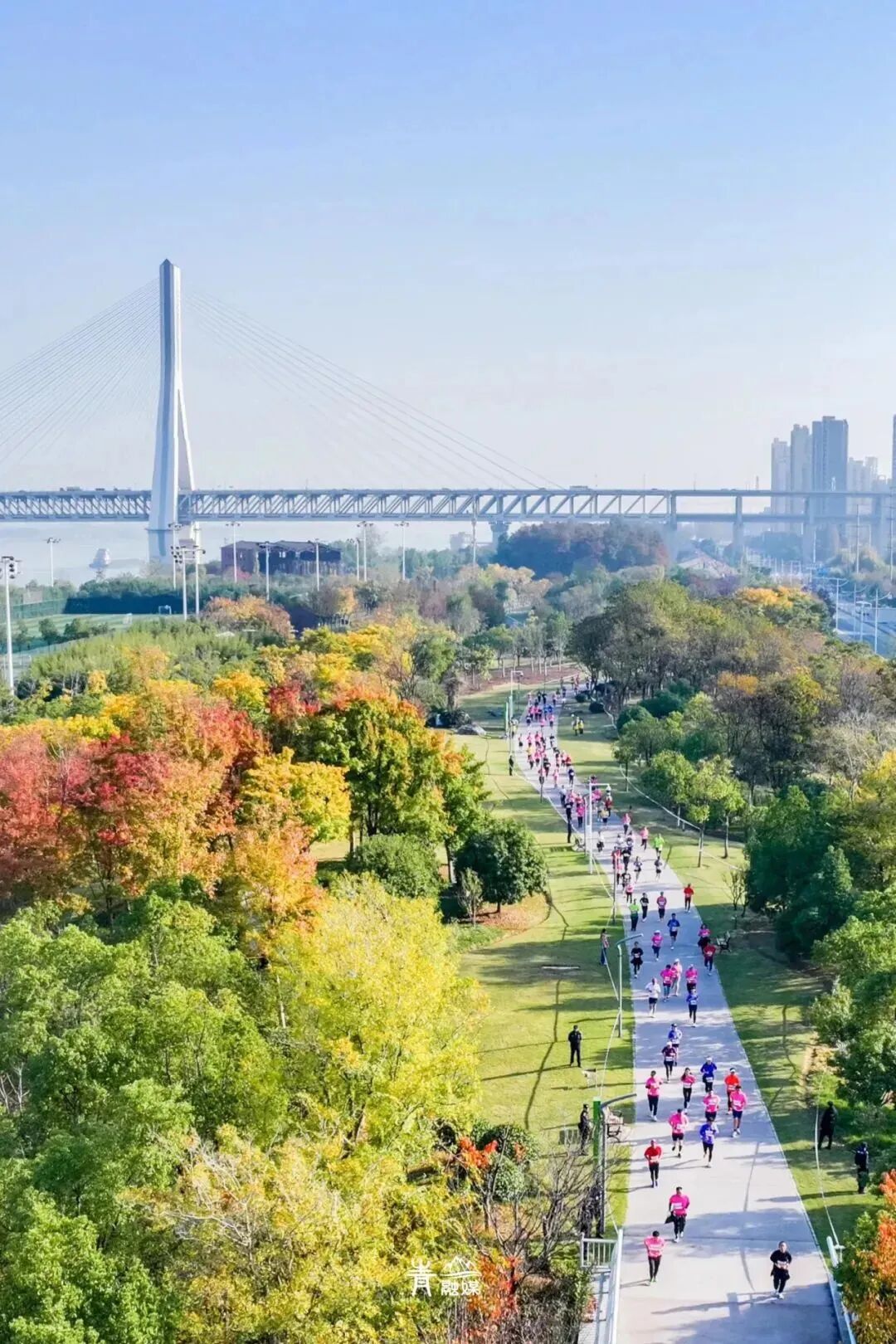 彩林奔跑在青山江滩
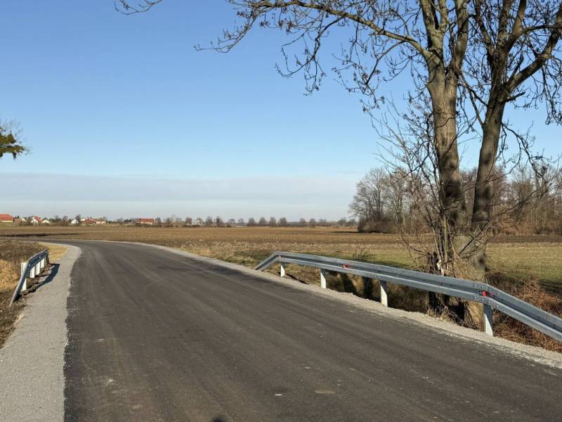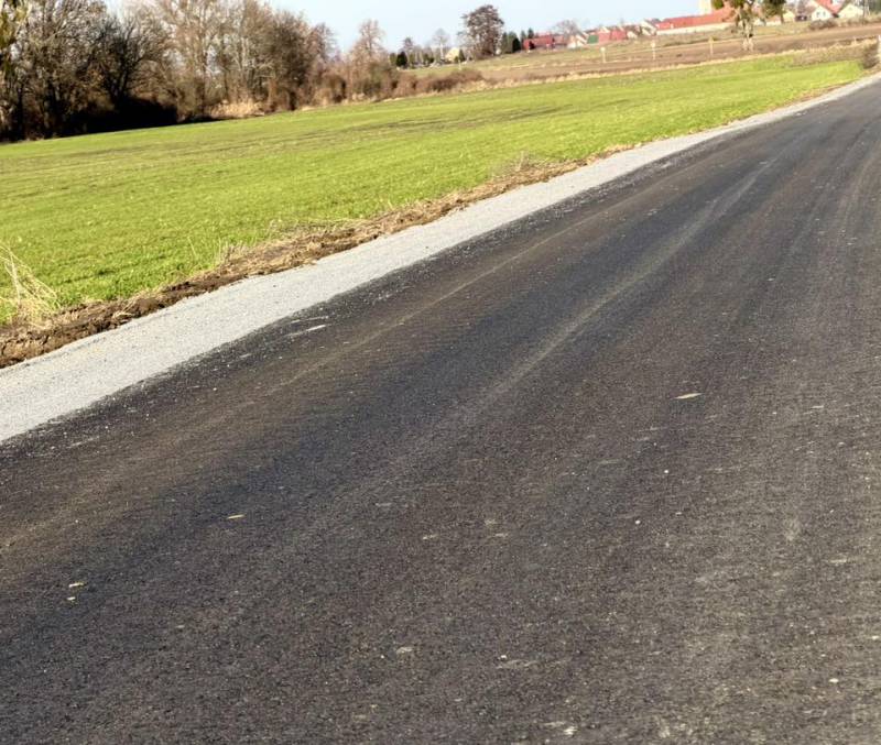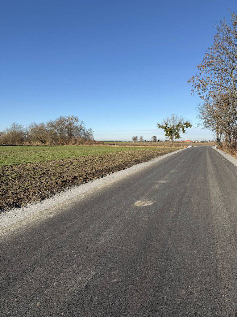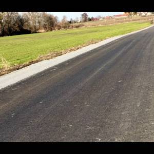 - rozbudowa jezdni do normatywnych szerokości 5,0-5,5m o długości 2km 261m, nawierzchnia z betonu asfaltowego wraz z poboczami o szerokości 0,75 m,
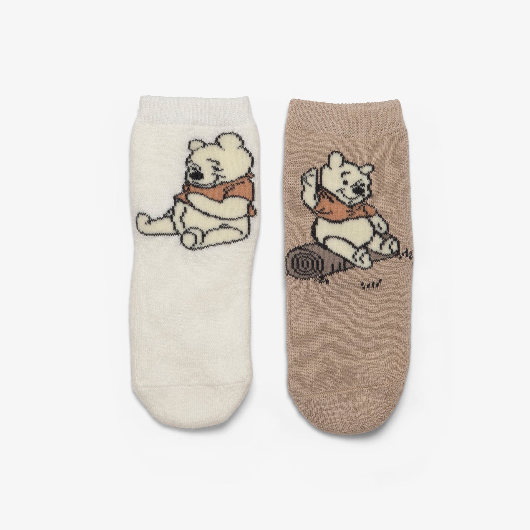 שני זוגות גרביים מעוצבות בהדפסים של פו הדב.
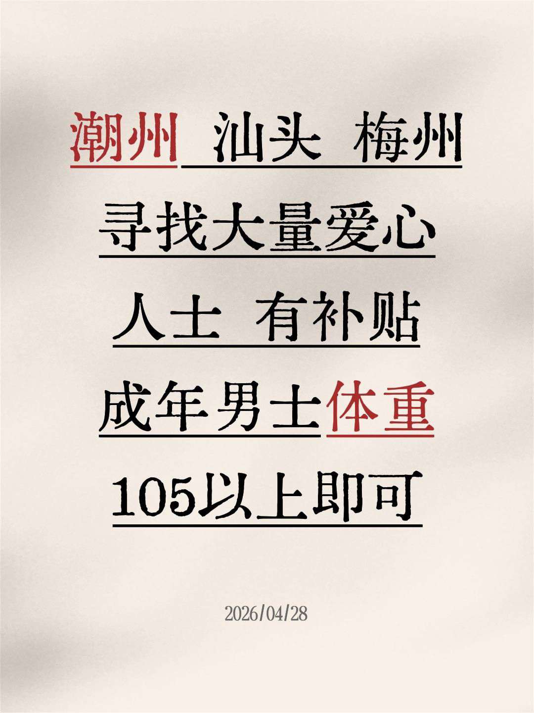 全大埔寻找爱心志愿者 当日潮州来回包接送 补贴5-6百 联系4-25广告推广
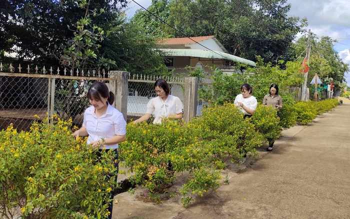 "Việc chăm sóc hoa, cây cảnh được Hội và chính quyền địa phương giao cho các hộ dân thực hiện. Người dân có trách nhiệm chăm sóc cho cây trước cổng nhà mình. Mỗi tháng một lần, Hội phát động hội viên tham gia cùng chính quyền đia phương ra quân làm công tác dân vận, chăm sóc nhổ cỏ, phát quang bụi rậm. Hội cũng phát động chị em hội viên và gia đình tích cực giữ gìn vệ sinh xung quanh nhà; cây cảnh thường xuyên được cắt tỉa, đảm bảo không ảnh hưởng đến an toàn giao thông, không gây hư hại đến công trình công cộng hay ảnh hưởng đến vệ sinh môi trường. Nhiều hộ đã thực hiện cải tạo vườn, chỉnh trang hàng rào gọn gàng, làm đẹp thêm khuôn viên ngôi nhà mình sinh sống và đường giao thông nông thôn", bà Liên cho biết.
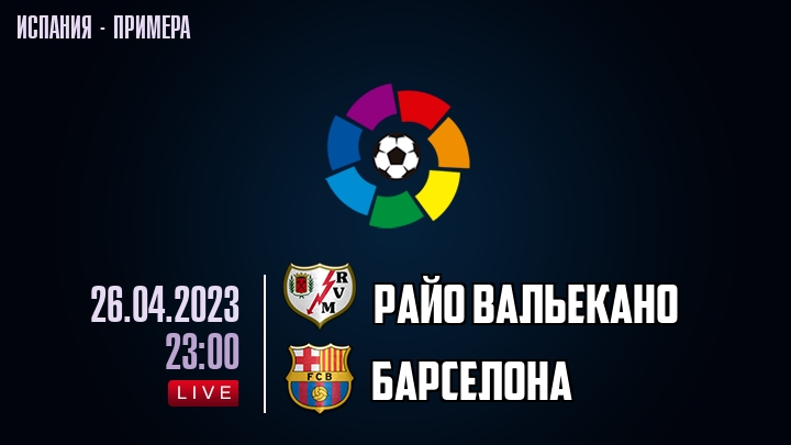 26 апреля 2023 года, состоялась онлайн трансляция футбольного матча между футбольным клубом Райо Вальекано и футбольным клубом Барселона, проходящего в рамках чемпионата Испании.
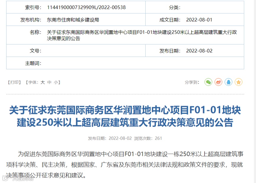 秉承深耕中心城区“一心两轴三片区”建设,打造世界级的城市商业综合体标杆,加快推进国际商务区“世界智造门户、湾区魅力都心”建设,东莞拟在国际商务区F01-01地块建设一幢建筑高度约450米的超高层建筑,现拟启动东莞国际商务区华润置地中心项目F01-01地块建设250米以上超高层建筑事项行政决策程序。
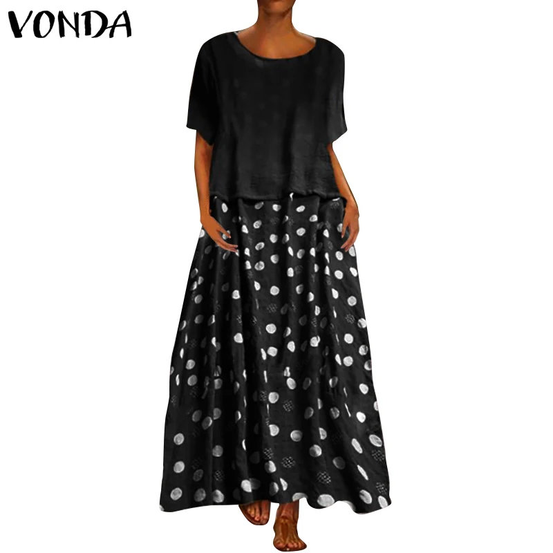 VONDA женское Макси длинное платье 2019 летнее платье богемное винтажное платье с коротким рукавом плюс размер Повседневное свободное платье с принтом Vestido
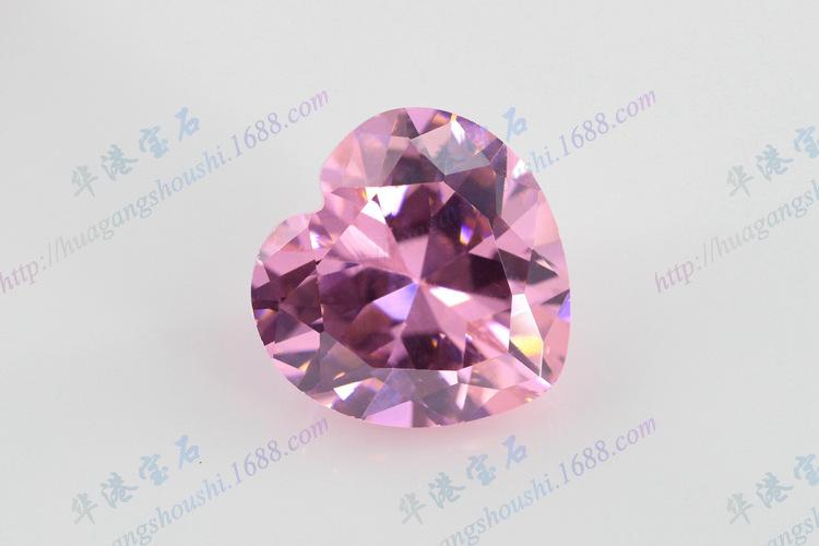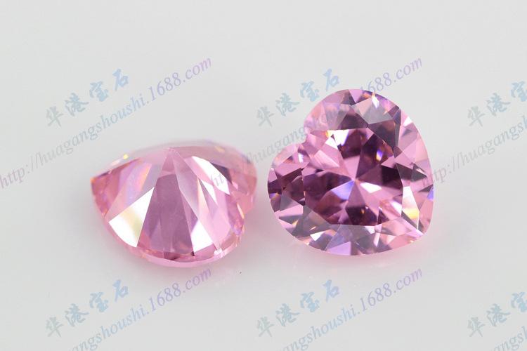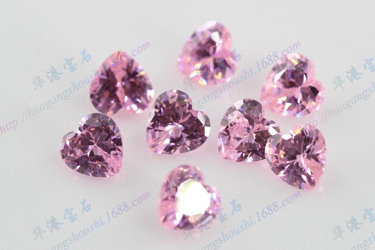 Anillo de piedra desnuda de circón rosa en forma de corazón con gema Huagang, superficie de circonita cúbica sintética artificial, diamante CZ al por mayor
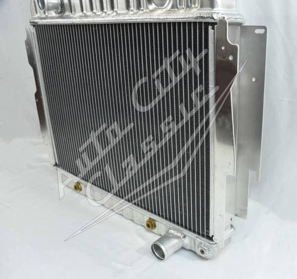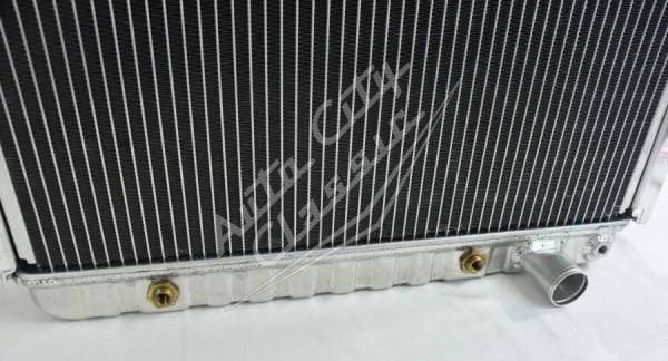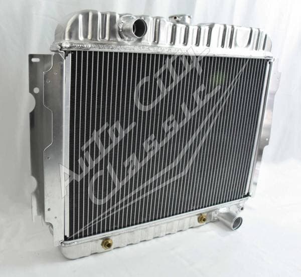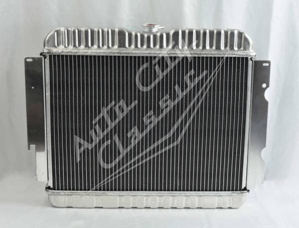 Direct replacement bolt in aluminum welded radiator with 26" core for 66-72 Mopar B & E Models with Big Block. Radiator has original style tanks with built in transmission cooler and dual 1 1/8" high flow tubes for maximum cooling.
○ ○ ○
▸ Exercise goal
Print the records exactly and omit all pictures.

▸ Answer to the problem
 彩林奔跑在青山江滩
 - rozbudowa jezdni do normatywnych szerokości 5,0-5,5m o długości 2km 261m, nawierzchnia z betonu asfaltowego wraz z poboczami o szerokości 0,75 m,
 שני זוגות גרביים מעוצבות בהדפסים של פו הדב.
 全大埔寻找爱心志愿者 当日潮州来回包接送 补贴5-6百 联系4-25广告推广
 "Việc chăm sóc hoa, cây cảnh được Hội và chính quyền địa phương giao cho các hộ dân thực hiện. Người dân có trách nhiệm chăm sóc cho cây trước cổng nhà mình. Mỗi tháng một lần, Hội phát động hội viên tham gia cùng chính quyền đia phương ra quân làm công tác dân vận, chăm sóc nhổ cỏ, phát quang bụi rậm. Hội cũng phát động chị em hội viên và gia đình tích cực giữ gìn vệ sinh xung quanh nhà; cây cảnh thường xuyên được cắt tỉa, đảm bảo không ảnh hưởng đến an toàn giao thông, không gây hư hại đến công trình công cộng hay ảnh hưởng đến vệ sinh môi trường. Nhiều hộ đã thực hiện cải tạo vườn, chỉnh trang hàng rào gọn gàng, làm đẹp thêm khuôn viên ngôi nhà mình sinh sống và đường giao thông nông thôn", bà Liên cho biết.
 26 апреля 2023 года, состоялась онлайн трансляция футбольного матча между футбольным клубом Райо Вальекано и футбольным клубом Барселона, проходящего в рамках чемпионата Испании.
 秉承深耕中心城区“一心两轴三片区”建设,打造世界级的城市商业综合体标杆,加快推进国际商务区“世界智造门户、湾区魅力都心”建设,东莞拟在国际商务区F01-01地块建设一幢建筑高度约450米的超高层建筑,现拟启动东莞国际商务区华润置地中心项目F01-01地块建设250米以上超高层建筑事项行政决策程序。
 VONDA женское Макси длинное платье 2019 летнее платье богемное винтажное платье с коротким рукавом плюс размер Повседневное свободное платье с принтом Vestido
 Anillo de piedra desnuda de circón rosa en forma de corazón con gema Huagang, superficie de circonita cúbica sintética artificial, diamante CZ al por mayor
 Direct replacement bolt in aluminum welded radiator with 26" core for 66-72 Mopar B & E Models with Big Block. Radiator has original style tanks with built in transmission cooler and dual 1 1/8" high flow tubes for maximum cooling.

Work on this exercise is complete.